📄 jpgalgo.txt
字号:
Note: The following explanation covers the encoding of truecolor (3 components)
JPGS; for gray-scaled JPGs there is one component (Y) which is usually no
down-sampled at all, and does not require any inverse transformation like the
inverse (Y,Cb,Cr) -> (R,G,B). In consequence, the gray-scaled JPGS are the
simplest and easiest to decode: for every 8x8 block in the image you do the
Huffman decoding of the RLC coded vector then you reorder it from zig-zag,
dequantize the 64 vector and finally you apply to it the inverse DCT and add
128 (level shift) to the new 8x8 values.
I've told you that image components are sampled. Usually Y is taken every pixel,
and Cb, Cr are taken for a block of 2x2 pixels.
But there are some JPGs in which Cb , Cr are taken in every pixel, or some
JPGs where Cb, Cr are taken every 2 pixels (a horizontal sampling at 2 pixels,
and a vertical sampling in every pixel)
The sampling factors for an image component in a JPG file are defined in respect
(relative) to the highest sampling factor.
Here are the sampling factors for the most usual example:
Y is taken every pixel , and Cb,Cr are taken for a block of 2x2 pixels
(The JFIF specification gives a formula for sampling factors which I think that
works only when the maximum sampling factor for each dimension X or Y is <=2)

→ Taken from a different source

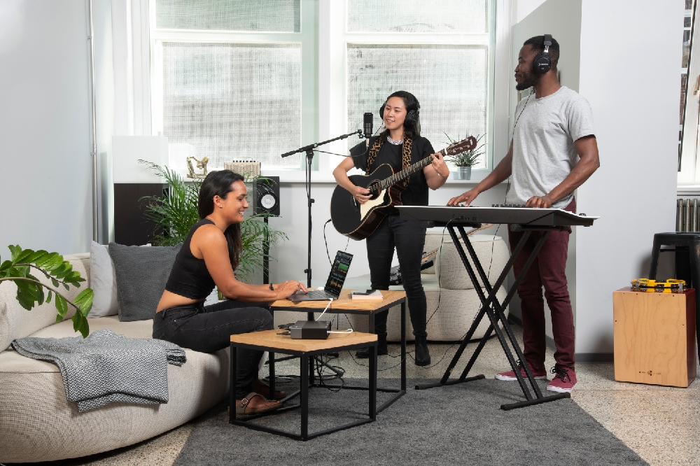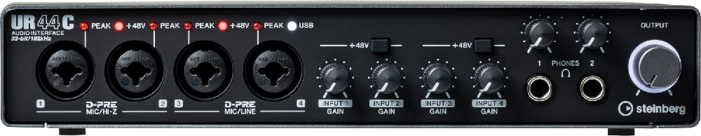 Gather your friends to produce music in exceptional quality with the UR44C, a rugged, portable audio interface that features flexible inputs and professional-level 32-bit/192 kHz recording quality. Four state-of-the-art D-PRE microphone preamps will capture your vocals and acoustic instruments in stunning detail, while Hi-Z and line inputs, plus MIDI In/Out, allow an entire group to be recorded, capturing the unique vibe of an ensemble performance. With two independent headphone outputs, latency-free monitoring with effects and Cubase AI recording software included, the UR44C is your key to producing great grooves together.

The JPEG standard does not specify the sampling factors , it's more general).
You see that Y will have the highest sampling rate :
Horizontal sampling factor = 2 = HY
Vertical sampling factor = 2 = VY
For Cb , Horizontal sampling factor = 1 = HCb
Vertical sampling factor = 1 = VCb
For Cr Horizontal sampling factor = 1 = HCr
Vertical sampling factor = 1 = VCr
Actually this form of defining the sampling factors is quite useful.
The vector of 64 coefficients for an image component, Huffman encoded, is called
DU = Data Unit (JPEG's standard terminology)
In the JPG file , the order of encoding Data Units is :
1) encode Data Units for the first image component:
for (counter_y=1;counter_y<=VY;counter_y++)
for (counter_x=1;counter_x<=HY;counter_x++)
{ encode Data Unit for Y }
2) encode Data Units for the second image component:
for (counter_y=1;counter_y<=VCb ;counter_y++)
for (counter_x=1;counter_x<=HCb;counter_x++)
{ encode Data Unit for Cb }
3) finally, for the third component, similar:
for (counter_y=1;counter_y<=VCr;counter_y++)
for (counter_x=1;counter_x<=HCr;counter_x++)
{ encode Data Unit for Cr }
For the example I gave you (HY=2, VY=2 ; HCb=VCb =1, HCr,VCr=1)
here it is a figure ( I think it will clear out things for you) :
YDU YDU CbDU CrDU
YDU YDU
( YDU is a Data unit for Y , and similar CbDU a DU for Cb, CrDU = DU for Cr )
This usual combination of sampling factors is referred as 2:1:1 for both
vertical and horizontal sampling factors.
And, of course, in the JPG file the encoding order will be :
YDU,YDU,YDU,YDU,CbDU,CrDU
You know that a DU (64 coefficients) defines a block of 8x8 values , so here
we specified the encoding order for a block of 16x16 image pixels
(An image pixel = an (Y,Cb,Cr) pixel [my notation]) :
Four 8x8 blocks of Y values (4 YDUs), one 8x8 block of Cb values (1 CbDU)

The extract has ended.